NIST labs house a number of dangerous chemicals and radioactive material used for research and testing that could be deadly in the wrong hands.

The agency tests and sets standards for everything from radiation detectors used by the Department of Homeland Security, ballistic-resistant body armor used by police departments, to proper radiation and exposure levels for mammograms, and it has recently been tasked with researching and recommending ways for federal agencies to recover from any cyberattack.

GAO agents shot videos of their clandestine activity. The House panel, which is now in possession of those videos, plans to show them to committee members and staff before the hearing, but not to the public.

The U.S. Commerce Department, under which NIST falls, has asked the committee, chaired by Rep. Lamar Smith, R-Texas, to treat the recorded material as “law enforcement sensitive,” which shields it from public view, and, for now, the committee is abiding by this request, according to the aide, though negotiations are underway to publish the material.

A Commerce Department spokesman acknowledged receiving the request, but declined to comment further to ABC News.

The committee aide said, “These risks threaten thousands of federal scientists and other federal workers, thousands of visitors with whom NIST works on a daily basis and the entire nearby communities.”

This is not the first security lapse at NIST, an agency that is home to the Atomic Clock and several Nobel Prize-winning scientists.

In 2015, a senior police lieutenant on the agency’s security force was convicted of attempting to manufacture methamphetamine in a NIST lab in Gaithersburg, Maryland. His failed effort resulted in an explosion that blew out windows and burned the officer.

A judge sentenced the man to more than three years in prison, according to court documents, referencing the popular TV series, “Breaking Bad,” in which a chemistry teacher decides to start making meth.
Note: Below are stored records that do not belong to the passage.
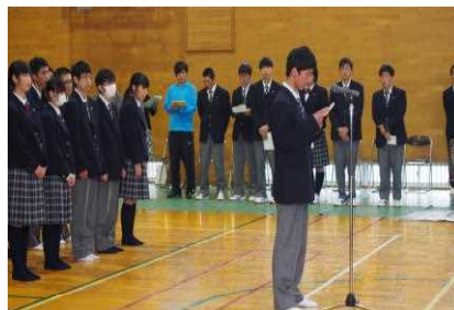
新入生代表あいさつ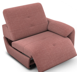
B100ER (98 cm x 74 cm x 99 cm)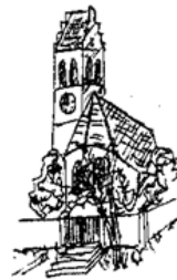
Kuratie St. Georg Dürnzhausen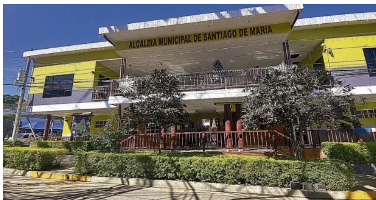
Denuncian situación de impagos a trabajadores municipales en los distritos de Santiago de María, y Berlín, que ahora se conoce como Usulután Norte, situación heredada de gobiernos de Nuevas Ideas.

“El problema radica en que ya pasó mucho tiempo, y muchos compañeros que sobreviven con ese salario y sus familias, que no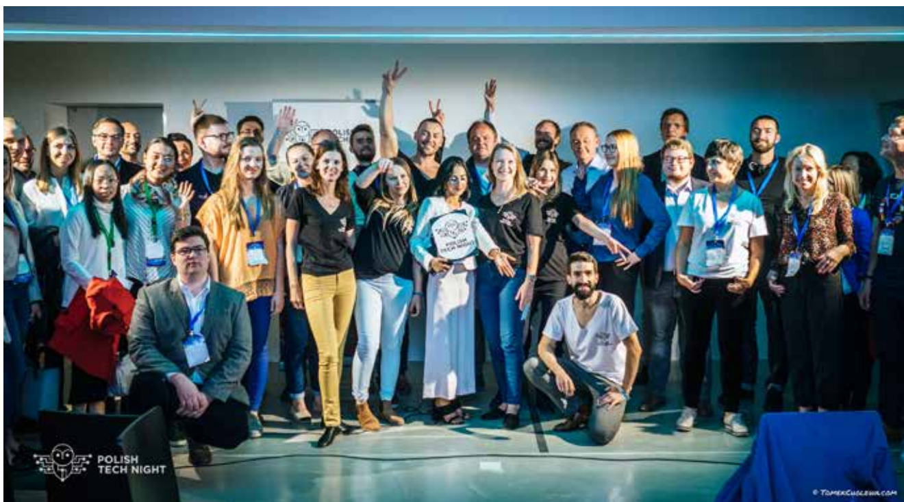
Uczestnicy IV edycji Polish Tech Night

Polish Tech Night jest częścią projektu „LOOKOUT”, który został przeprowadzony przez SIBB e.V. i jest współfinansowany przez Administrację Senacką ds. Gospodarki, Energii i Zakładów Miejskich.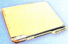
Folders y carpetas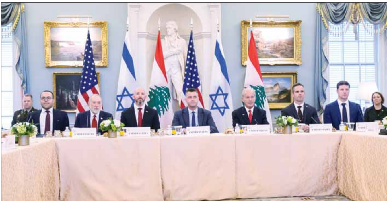
جانب من جولة المادثات الخامسة بين سفير إسرائيل لاس واشنطن جيتيل لير وسفيرة لبنان ندى حمادة برعاية أميركية في وزارة الخارجية بواشنطن

حكومية". وجاء في البيان، "ستتبع هذه الخطوات إرزاز تقدم نحو اتفاق شامل للسلام والأمن". وأضاف، "أكدت جميع الدول أن مستقبل العلاقة بين إسرائيل ولبنان يجب أن تقررته حكومتان سياديتان، ورفضت أي محاولة، من أي دولة أو فاعل من غير الدول، لامتياز مستقبل لبنان كرهينة". وأشار البيان إلى أن لبنان وإسرائيل اتفقا على مواصلة المفاوضات المباشرة، بهدف بناء الثقة وحل القضايا العالقة الأخرى. كما اتفق الجانبان على استئناف المادثات بشأن "المسارات السياسية والأمنية" خلال الأسبوع الذي يبدأ في 22 حزيران، بهدف التوصل إلى اتفاق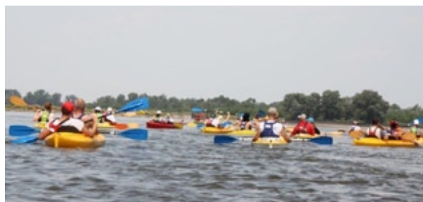
Na spływ kajakowy 150-lecia Gminy Wawer wybrało się ok. 250 osób

Po meczu był czas na grilla. Tak wyglądała inauguracja „Romantycznej Plaży”, autorskiego projektu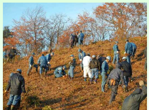
住友ゴム白河工場による森林整備活動

おり、今後、二酸化炭素吸収量の認証申請が行われる予定となっています。(森林林業部)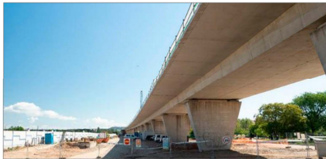
Obras de la Variante Este de Mercancías de la Red Arterial Ferroviaria. ICAI

El tercer bloque trata sobre la construcción de todas las vías necesarias para asegurar el tráfico entre la factoría de Renault, el Complejo y el enlace norte de la Variante, el cual contará con La actuación contempla, asimismo, el montaje de vía en ancho convencional (1.668 mm) del tramo comprendido entre el túnel de San Cristóbal y el final de la Variante Este ferroviaria, donde enlaza con la línea Madrid-Hendaya.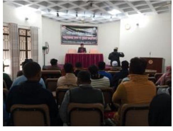
১৪ই ডিসেম্বর শহীদ বুদ্ধিজীবী দিবসে পাহাড়পুর প্রত্নতাত্ত্বিক জাদুঘরে আলোচনা সভা ও দোয়া মাহফিলের আয়োজন করা হয়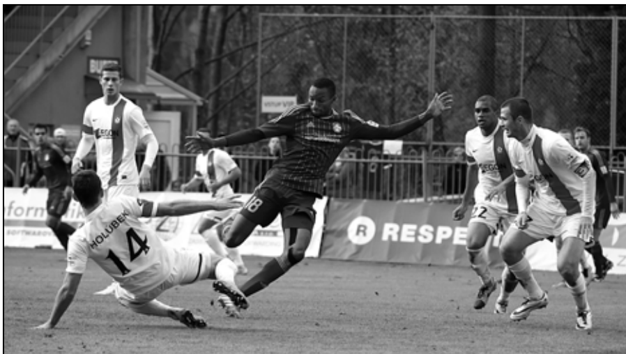
S lídrom tabuľky sme odohrali vyrovnaný zápas.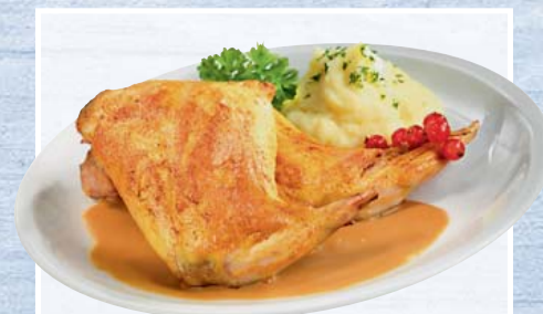
TK Kaninchenkeule 4 - 5 Stück à ca. 200 g, tiefgefroren 1 kg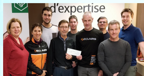
Club de triathlon Les Zéclairs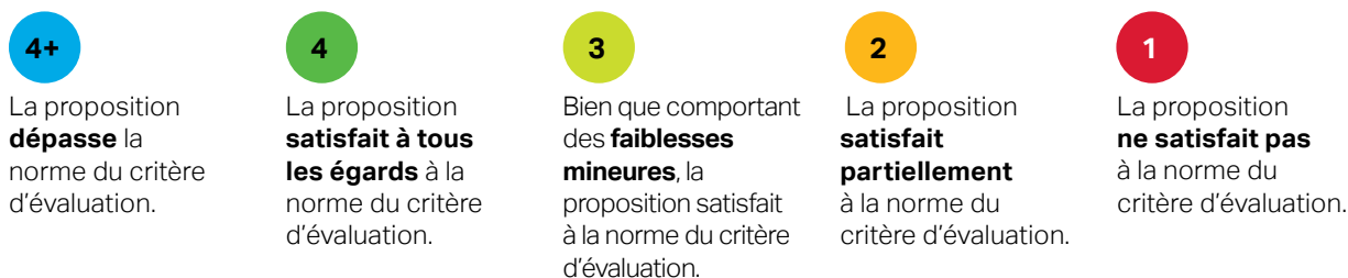
Tableau 1 – Énoncés relatifs à l'échelle d'évaluation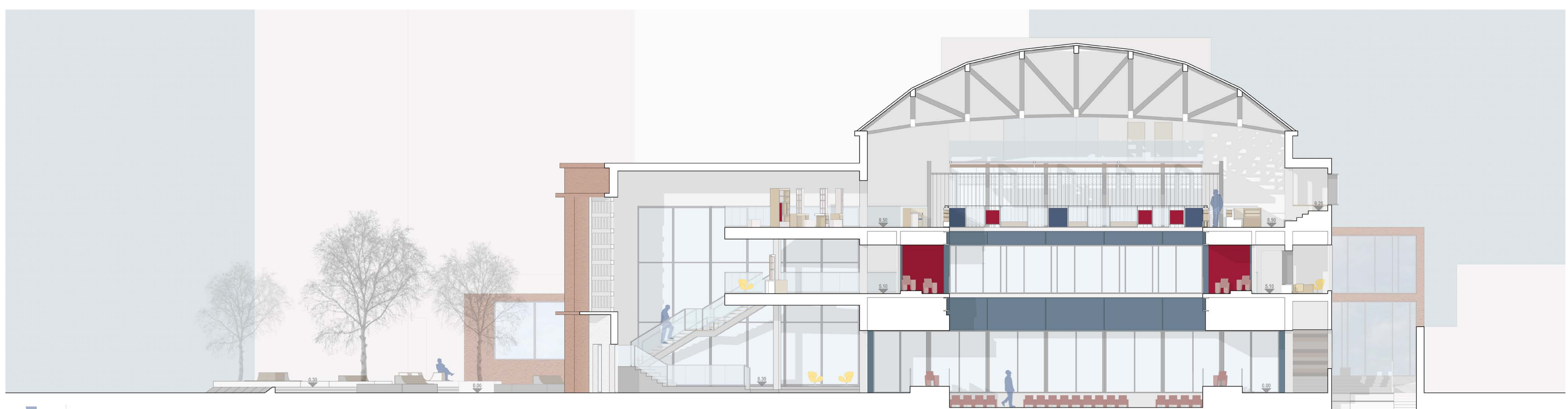
SEZIONE B-B' _Scala 1:100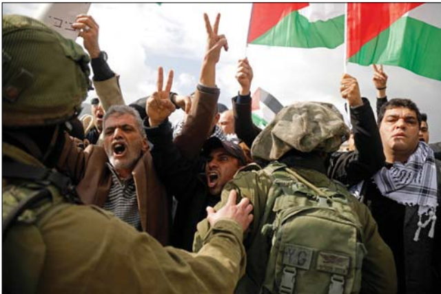
ليلان - استمرار المظاهرات

صواريخ فلسطينية على الأرض، طغمت الفضائل الفلسطينية مساء أمس الأول الخميس، 3 صواريخ من قطاع غزة باتجاه إسرائيل، ما أدى إلى تشغيل سفارات الإنذار في مستوطنات غلظة غزة، وسط دعاة الصواريخ في منطقة كلبية "سامير" قرب مدينة سدويرت، ما أسفر عن اندلاع حريق في المكان، من دون الكشف عن مزيد من التفاصيل بشأن الصاروخين الآخرين. في المقابل، التفت الشرطة الإسرائيلية بمواجهة كبيرة المسجد الأقصى، أمس الجمعة، وبعادت المصلين أثناء خروجهم من الصلاة. وكانت وسائل الإعلام عن أكثر من 15 مصلياً أحيدوا بالحراس المطاطي في ساحات الأقصى، لعدم اضمحاض في راسه، كما اعتدت قوات الشرطة على المصلين عند أبواب المسجد، واعتقلت شاهين عند باب "حطة". ودعت الشرطة الإسرائيلية بتعزيزات كبيرة واستخدمت الكبدرة في شارع الجاهدين في المسجد الأقصى في القدس المحتلة، وكذلك القوات الإسرائيلية في القليل، لئلا، صلاة لأعزب ضمن حملة "الفتح العظيم"، الجمعة العظيمة لمواجهة "صفقة القرن".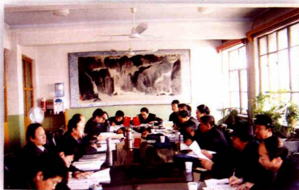
听取行署工作部门汇报，开展工作评议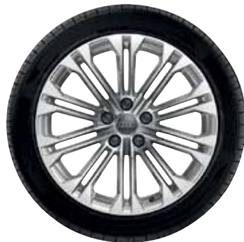
17 10-parallelných lúčov-dizajn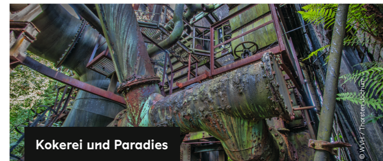
Kokerei und Paradies

Die Trockengasreinigung ist eine originär saarländische Innovation. In den drei Trockengasreinigungen, entstanden 1911 bis 1922, wurde das Gichtgas der Hochöfen durch Baumwollschläuche gesaugt. Erzstaub und Koksreste blieben dort hängen. Das gereinigte Gas konnte vielfältig weiterverwendet werden: zum Antrieb der Gebläsemaschinen und von Dynamos, für die Winderhitzung, in der Sinteranlage und in der Kokerei. In einem äußerst aufwendigen Prozess wurden diese historischen Anlagen von Schadstoffen gereinigt und gesichert. Nun wird dieses Meisterwerk der Technikgeschichte inklusive Hochofen-Leitstand für unsere Besucher:innen zugänglich gemacht.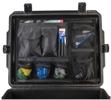
iM27XX-UTILITYORG Organizador de accesorios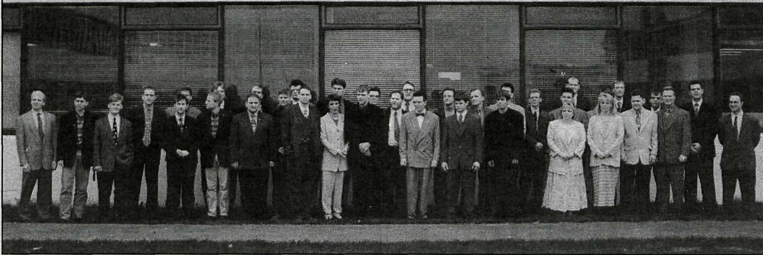
Nýútskrifaðir nemendur Tækniskólans voru 1995.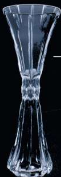
4144 ø 83 mm H. 230 mm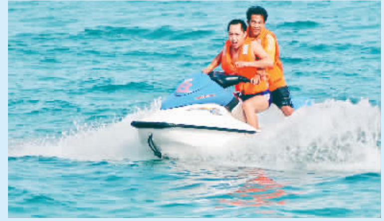
3月16日,游客在大东海乘风破浪。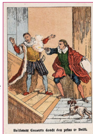
Leven van Willem de Zwijger 1874

As Rep. Smith’s committee was investigating that 2015 breach, another incident occurred. An unauthorized individual wandered onto the Boulder, Colorado, campus into a sensitive area, according to a committee official.

But it’s not all bad news for NIST. Security has been improving since 2015, the GAO noted. The research agency has been working to educate its employees of the need for heightened security.

As part of its investigation, agents spoke to employees working in highly sensitive facilities, all of whom attend mandatory security training and “reported significantly fewer observations of colleagues not following NIST security policies,” the GAO report says.

But the report adds this ominous warning, “The remainder of NIST’s employees currently have no mandatory security training, and a higher percentage reported having observed a colleague not following NIST security policies.”